Кроме того, если бы палата общин полностью состояла из представителей различных профессий, ее работа все равно протекала бы в рамках наших законов, обычаев и правил, основанных на практике; она уравновешена палатой лордов, подчиняющейся воле короля, который может по своему желанию предложить ей продолжить или прекратить свою деятельность. Прямая и косвенная власть палаты общин, конечно, очень велика и она может долго сохранять свое значение и дух подлинного величия. (И она будет оставаться такой, пока удастся удержать нарушителей закона в Индии от их желания стать законодателями в Англии.)

Однако власть палаты общин, как бы ни была она велика, это капля в океане по сравнению с властью, которой пользуется устойчивое большинство в вашем Национальном собрании. Это собрание с начала беспорядков не подчинялось более никакому закону, никакому строгому регламенту или установленному обычаю, которые могли бы ограничить его власть. Все его члены, вместо того, чтобы признать необходимость действовать в рамках уже установленной конституции, решили сами создать конституцию, которая соответствовала бы их планам. Ими не может править никто ни в небе, ни на земле. Какие головы надо иметь, какие сердца, какие способности, чтобы осмелиться не только создавать законы при принятой конституции, но одним махом создать новую конституцию для огромного королевства и каждой его части, пригодную и для монарха на троне и прихожанина самого захудалого прихода. Но «дуракам закон не писан». В подобном положении, когда власть безгранична, а цели ее не определены и не поддаются определению, повсеместное распространение нравственного зла и почти физическая неспособность людей, наделенных властью, выполнять свои обязанности может быть причиной ужасных потрясений.

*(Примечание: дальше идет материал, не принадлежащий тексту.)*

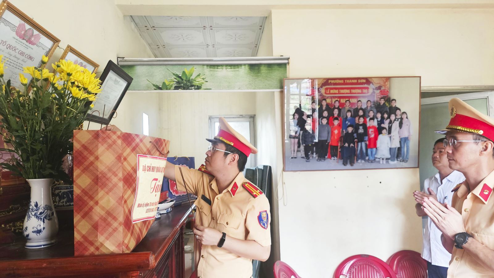 Cán bộ, chiến sĩ Đội Cảnh sát giao thông đường bộ số 1 thắp hương tưởng nhớ các liệt sĩ – người thân trong gia đình Mẹ Việt Nam Anh hùng Hoàng Thị Nghi để tri ân những hy sinh vì độc lập, tự do của Tổ quốc.

Изучив состав собрания третьего сословия, я обратил свой взгляд на представителей духовенства. По-видимому, в данном случае выборы были проведены так, что для большой и трудной работы по строительству нового государства в парламент был послан целый легион простых деревенских кюре; людей, которые видели богатство только на картинках; ничего не знающих о мире, существующем за пределами их погруженных в безнадежную бедность деревень; могущих лишь с завистью смотреть на любую собственность — частную или церковную. Ради малейшей надежды на проценты от награбленного они будут готовы поддержать любые нападки на общественное богатство, урвать свою долю от которого им удастся только во всеобщей свалке. Таким образом, вместо того, чтобы противостоять силе корыстолюбцев, представляющих третье сословие, эти кюре неизбежно станут активными помощниками, в лучшем случае — пассивными исполнителями для тех, кому они привыкли подчиняться у себя дома. Они пополнят ряды мелких карьеристов из третьего сословия, привнеся с собой энергию невежества, самонадеянности, страсти к наживе, которой никто не сможет противостоять. С самого начала было очевидно, что большинство третьего сословия в союзе с большинством от духовенства отнесутся благосклонно к отвратительным планам отдельных личностей из первого сословия, направленных на уничтожение дворянства. Эти отступники предложат весьма соблазнительную приманку своим новым приверженцам, разрушая и уничтожая собственный класс. Для них все привилегии, составляющие счастье их близких, ничего не стоят. Они презирают свое сословие тем больше, чем выше ставят собственные достоинства. Одним из первых симптомов того, что они погрязли в эгоизме и чрезмерных амбициях, явилось то презрение к дворянскому достоинству, которое принадлежит не только им. Привязанность к своему классу, любовь к маленькому клану, к которому ты принадлежишь — первый принцип, из которого произрастает общественное признание. Это первое звено в цепи, связывающей нас любовью к своей стране и человечеству. Только люди нечистоплотные могут изменить своему классу ради личных выгод.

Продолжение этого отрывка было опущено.